When you move out a capability from monolith, make sure you also decouple its data. This allows you to create a service that you are able to release/deploy independently and this principle should guide every decision you make around how to perform the decoupling. This also means you need a robust data migration strategy that allows your incrementally move data away from your central data store (that relates to the monolith).
It’s important to reiterate that the design of the service and the order in which services are extracted and/or built will determine the success of the migration.
Asynchronous Communication and Infrastructure setup
You will need to set up infrastructure and operational processes that allow you to do service registration and discovery, monitoring and logging, resiliency (take corrective actions during failure), devops, and (optionally) an api gateway.
There are 3 main integration patterns for the services to interact with each other:
Point to Point - services and clients talking to each other directly
Message broker - lightweight asynchronous messaging
API gateway - most common design pattern used in ms.
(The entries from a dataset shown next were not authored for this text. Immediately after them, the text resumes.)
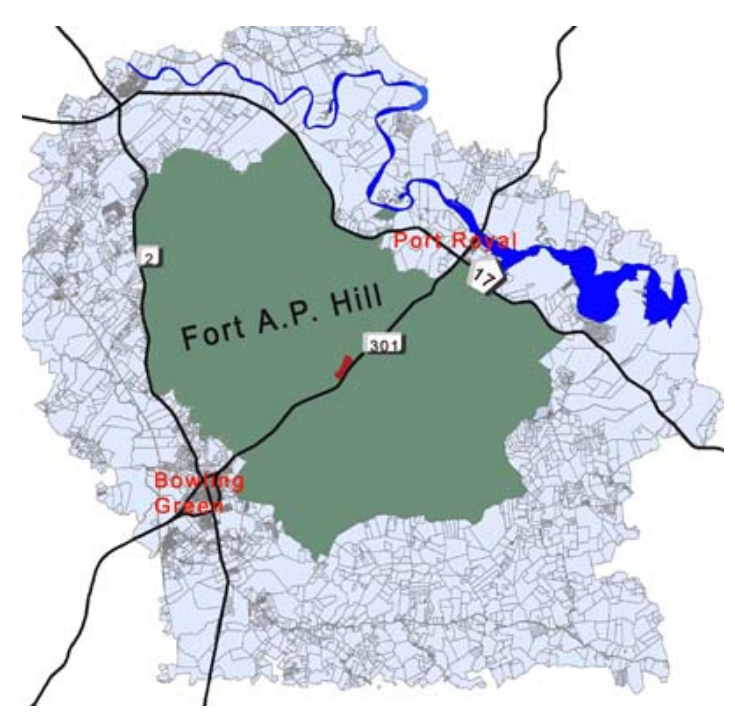
Figure B-6. Fort A.P. Hill reservation is surrounded by civilian development (http://www.aphill.army.mil/newcomerswelcome.asp).

Buffer areas around installations were not needed until recent development grew to be adjacent to military facilities. The areas around Fort A.P. Hill previously were rural and undeveloped, but recently these areas have experienced growth and development (Figure B-6). Because encroaching development potentially limits the installation's use of training lands, the Army's solution is to create zones of open space that preserve and set aside areas for natural resources while reducing neighboring developments and the associated annoyance issues between military operations and the civilian population (U.S. Army Environmental Command n.d.).
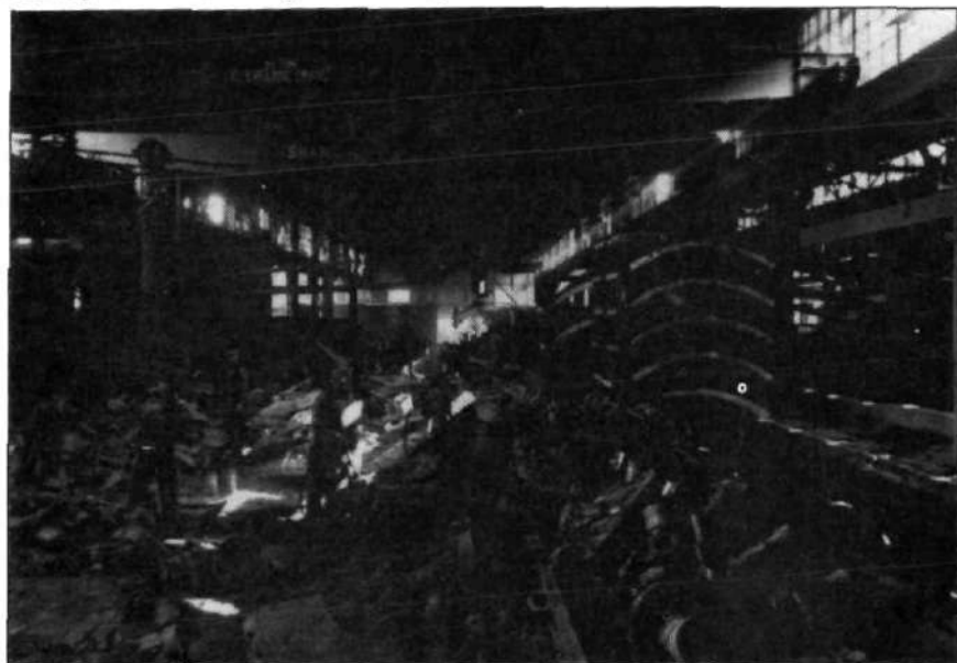
Conditions in the foundry in the 1920s and 1930s were primitive and dangerous.

The sand blast was where they put the casting in after they came out of the mould box. A guy stands in there and he looks like a diver. It's a job you wouldn't believe. He gets closed in a steel box and the casting is rolled in on a flat car and he's got this hose . . . and he just belts that thing at the casting. 27
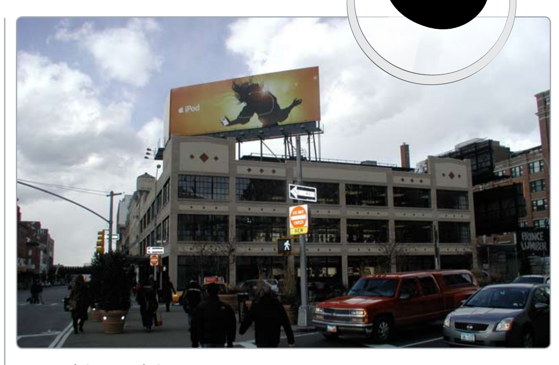
NEW W14th Street Apple Store, NYNY

Submit your personal photos to abe@haaug.org

It has minimal routing capabilities and acts as a ‘dumb pipe’ with no business logic inside.
API Gateway design pattern is becoming a popular “middleware” option for ms. It acts as a single point of entry for clients and exposes microservices to the outside world as managed APIs. It also additionally supports the following functions - load balancing, authentication and authorisation, failure handling, auditing, protocol translation and routing. You can either build your own api gateway or use an off the shelf product from a vendor.
Summary
Hopefully that gives you a flavour of the scope and effort involved in migrating a monolith to a microservice.